Correlation vs interaction

I have noticed in the solutions statements to the following effect: Because the regressors are strongly correlated, we should put an interaction term. Here you will be exploring this statement more critically.

x1 <- rbinom(5, 1, 0.5)
x2 <- 1 - x1
  1. Without doing any calculations, can you guess the correlation coefficient between x1 and x2?
  2. Use R to calculate the correlation coefficient.
  3. What do you think will happen if you introduce an interaction term x1:x2 and include it as part of your regressors in the lm() command?

Simulating draws from a container

In Technical Exercise 1, you encountered a container with 5 ping-pong balls.

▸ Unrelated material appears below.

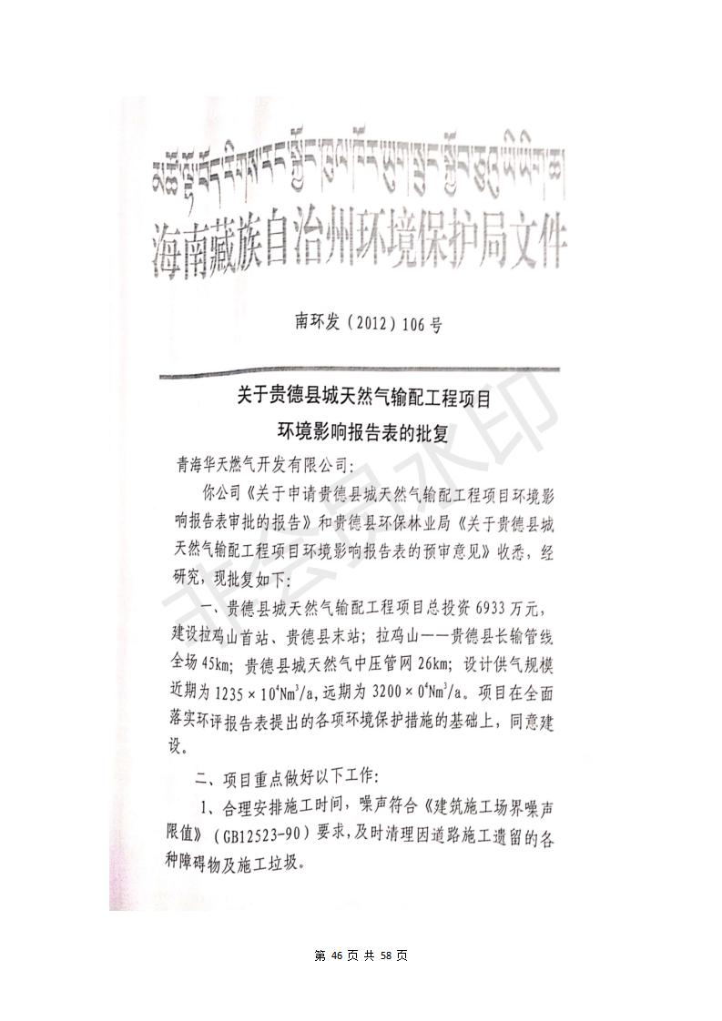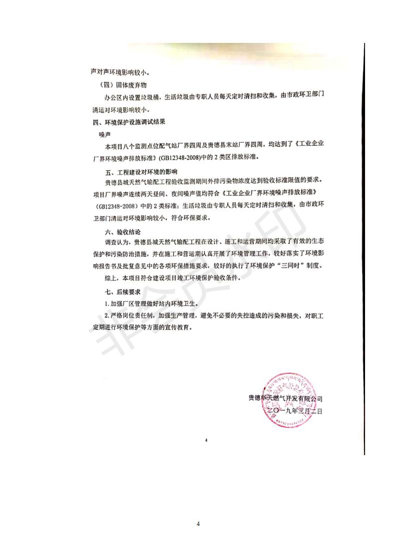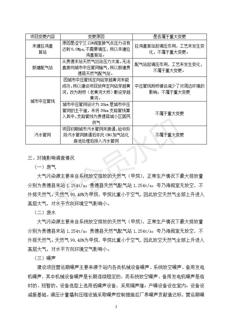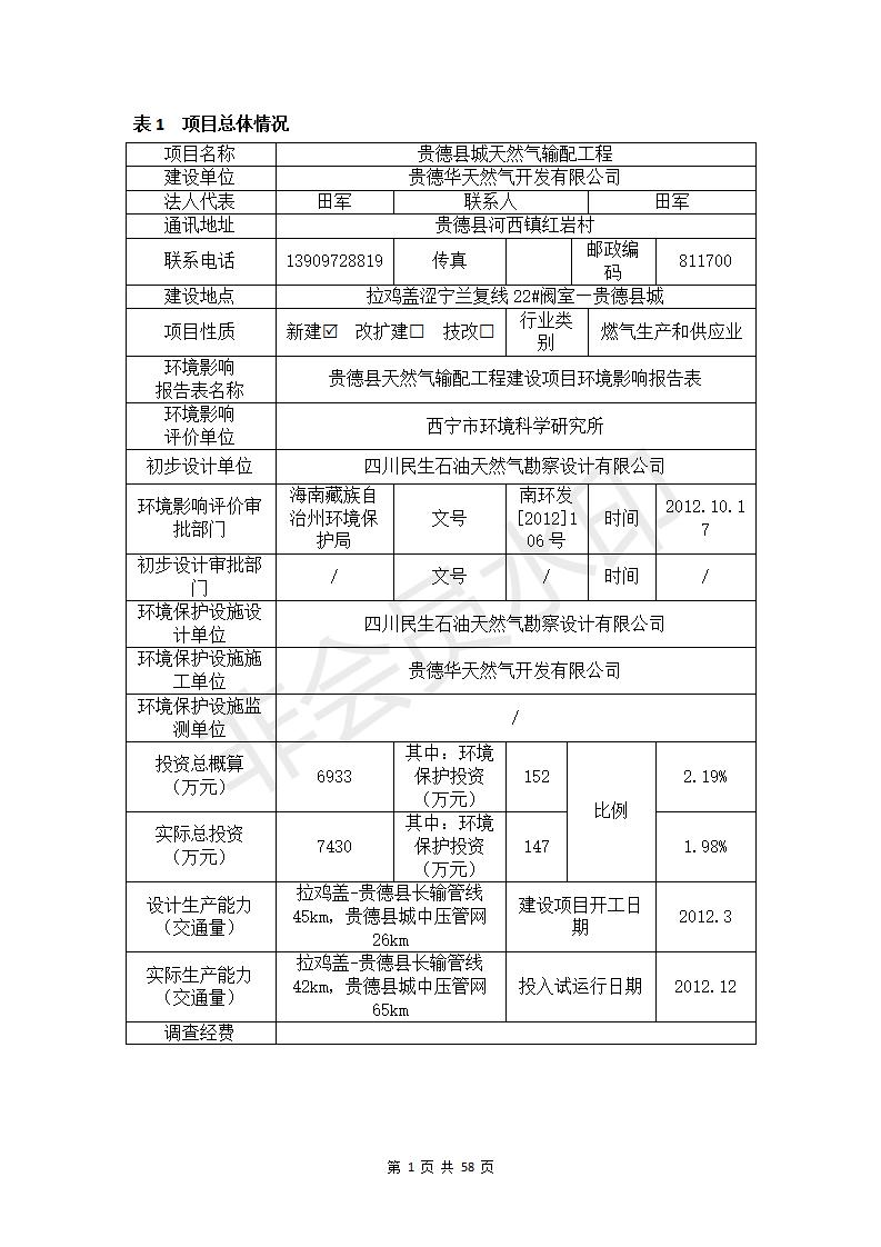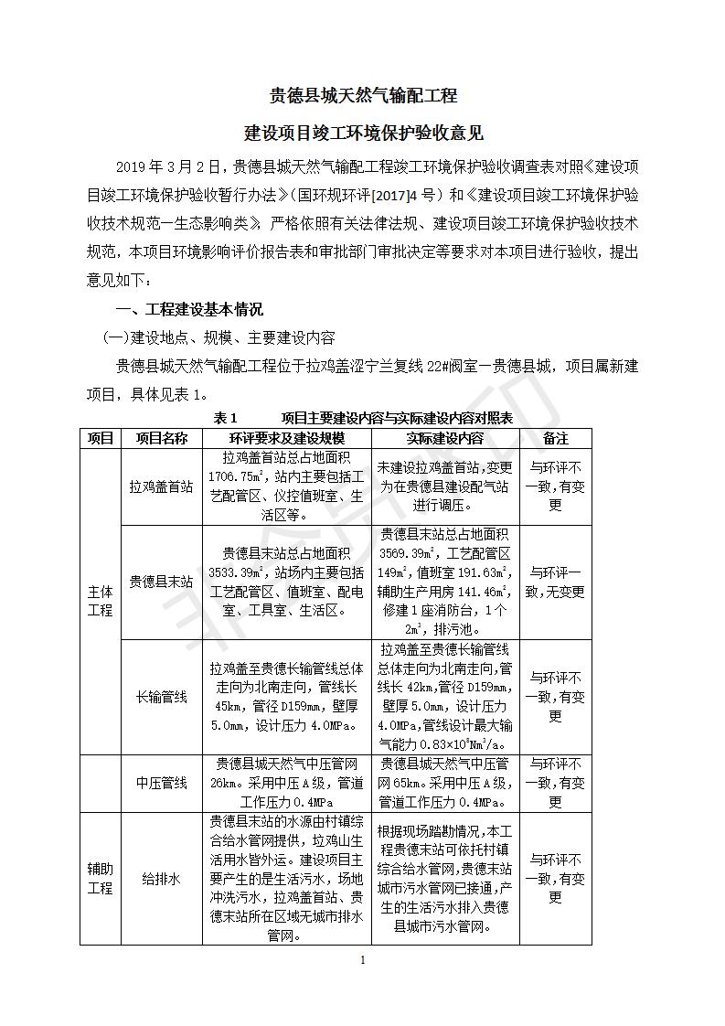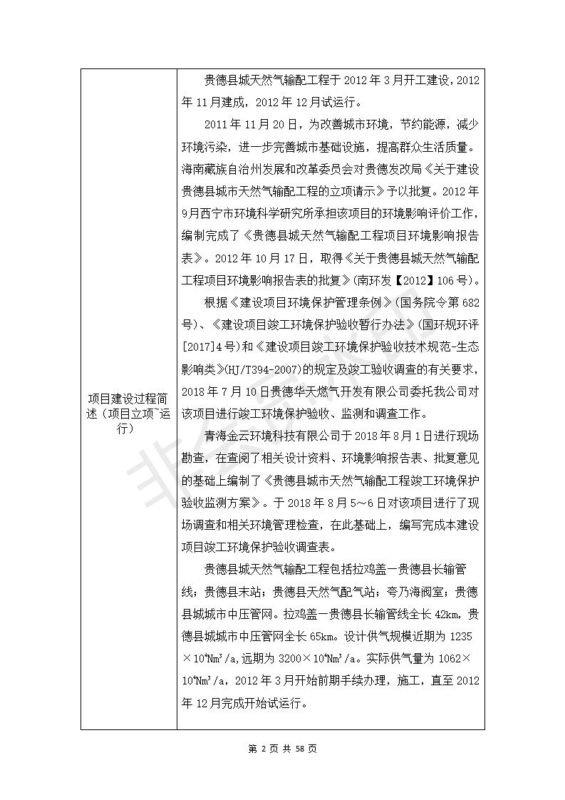 根據(jù)中華人民共和國務院令第682號《國務院關于修改〈建設項目環(huán)境保護管理條例〉的決定》和《建設項目竣工環(huán)境保護驗收暫行辦法》(國務院令682號),貴德縣城輸配管線工程竣工環(huán)境保護驗收內容(包括竣工環(huán)境保護驗收調查表和驗收意見)公示如下。 一、項目名稱:貴德縣城天然氣輸配工程 二、地點:拉雞蓋澀寧蘭復線22#閥室-貴德縣城 三、建設單位:貴德華天燃氣開發(fā)有限公司 四、建設內容:貴德縣末站、貴德縣配氣站、貴德縣中壓管網(wǎng)、拉雞蓋22#閥室-貴德縣城長輸管線 五、公示時間:二〇一九年三月十一日至二〇一九年四月八日 六、聯(lián)系人:張工 公示期間,對上述公示內容如有異議,請以書面形式反饋,個人須署真實姓名,單位須加蓋公章。

You are going to simulate draws from this container.

# Outcome of one draw
x <- sample(c(1, 2, 2, 4, 6), 1, replace = TRUE)
x

Modify the code above so that you are able to check using simulation whether your calculated values for \(\mathbb{E}\left(Y\right)\) and \(\mathsf{Var}\left(Y\right)\) are roughly correct?

What you will be expected to do

You will be submitting to my email a zip file (not rar, not 7z) with filename surname_exset06.zip, replacing surname with your actual surname, and making sure it contains scanned PDF solutions to the technical exercises (do be mindful of the size of the file, keep under 15 MB if possible) with filename surname_tech06.pdf.